David Cantor is an investigador (researcher) at the Instituto de Desarrollo Económico y Social (IDES), Buenos Aires Argentina and an adjunct professor in the School of Public Health at the University of Maryland, College Park. His scholarly work focuses on the history of medicine in the twentieth century, most recently the histories of cancer, stress and medical film. He was for several years affiliated with the National Library of Medicine and also worked in the Office of History, National Institutes of Health.

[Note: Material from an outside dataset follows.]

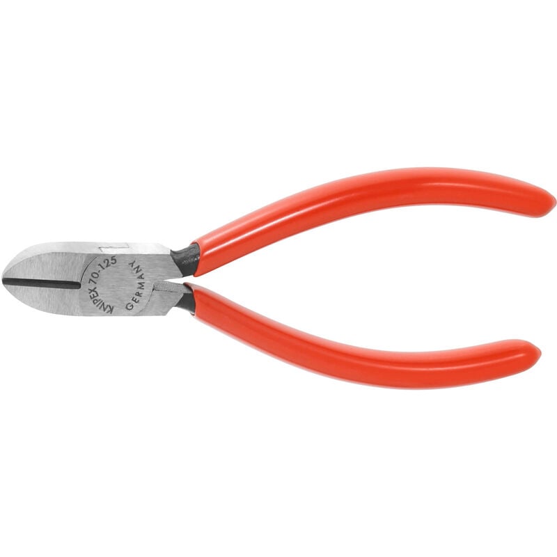Forma sottile con taglienti temprati a induzione (circa 62 HRC). Pinza bonderizzata nera, testa in esecuzione lucidata, manici rivestiti in plastica. Norma: DIN ISO 5749 Materiale: Acciaio al cromo-vanadio, forgiato e temprato in bagno d'olio. Dati tecnici Impugnatura rivestiti in plastica Tronchese laterale ad elevate prestazioni no Superficie bonderizzata nera, testa lucidata Materiale Acciaio al cromo-vanadio Con molla attivabile no Norma DIN ISO 5749 Processo di produzione Taglienti temprati a induzione (ca. 62 HRC) Tipo di prodotto Pinza tagliente Lunghezza complessiva, mm 125 Capacità di taglio filo dolce fino a ⌀, mm 3 Capacità di taglio filo duro fino a ⌀, mm 1,5

His publications include Reinventing Hippocrates (2002); Cancer in the Twentieth Century (2008); Meat, Medicine and Human Health in the Twentieth Century (2010), co-edited with Christian Bonah and Matthias Dörries; Stress, Shock, and Adaptation in the Twentieth Century (2014), co-edited with Edmund Ramsden; and Health Education Films in the Twentieth Century (2018), co-edited with Christian Bonah and Anja Laukötter. He is series coeditor of Social Histories of Medicine published by Manchester University Press.